DUSHANBE, December 4, 2014, Asia-Plus — Reduction in the number of polling stations in the Russian Federation from 24 to three violates rights of Tajik labor migrants working in Russia, the Democratic Party of Tajikistan (DPT) leader Saidjaffar Ismonov told Asia-Plus in an interview.
“For example, labor migrants working in St. Petersburg will not go to Moscow to vote in the election,” said Ismonov. “Labor migrants working in other regions have neither time nor money to go for voting to Moscow, Ufa and Yekaterinburg, where Tajikistan’s diplomatic representations function.”
Reduction in the number of out-of-country polling stations has been caused by amendments made to the country’s election legislation. Under these amendments, the polling stations will be established outside the country only in territories where the country’s diplomatic representations function.

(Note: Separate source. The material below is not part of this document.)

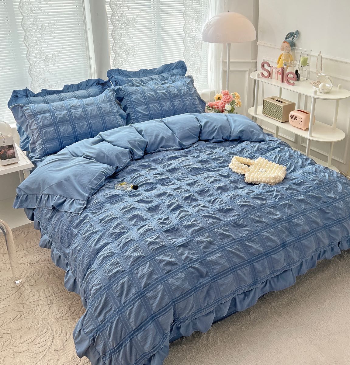 Lenjerie pat dublu, Soft Touch CREPONAT DELUXE, 6 piese, Jojo Home, Bleumarin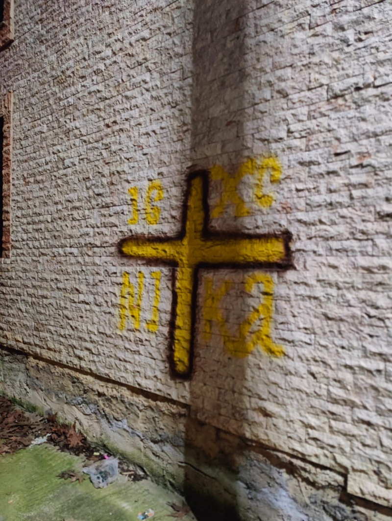 tarafından haç ve çeşitli semboller çizildi.

Ismonov says parliamentarians have endorsed the amendments to the election legislation in a hurry, “underestimating the scale of the violation of migrants’ rights. “More than 90 percent of parliamentarians are from rural areas and they have not yet got rid of provincial thinking,” DPT leader noted.
“I hope that really professional parliament will function in the country after the February elections,” Ismonov added.
Meanwhile, migrant workers reportedly make up a major portion of the opposition’s support base in Tajikistan. Tajik migrant community leaders in Russia say the majority of Tajiks working in Russia tend to support opposition candidates.
By various estimates, 1 million to 1.3 million Tajiks leave the country every harvest season, mostly for Russia, to take jobs as seasonal laborers. The vast majority of them are eligible voters.
In all, some 40 precinct election commissions (PECs) are expected to the established outside Tajikistan to facilitate out-of-country voting in the 2015 parliamentary elections due in late February next year. Abdumannon Dodoyev, the head of the Central Commission for Elections and Referenda (CCER)’s office says this number is repeatedly fewer than the number of PECs established outside the country during the 2013 presidential election and the number of PECs established outside the country during the 2010 parliamentary elections.
We will recall that during the 2013 presidential election, opposition leaders accused the authorities of excluding more than a million Tajik migrant workers from the signature-gathering campaign.
The CCER had ruled that the migrants have the right to vote in the election, but that they were not allowed to take part in the signature-gathering process. Election officials argued that the majority of Tajiks working in Russia do not have a registered address, making it impossible to verify the authenticity of their signatures.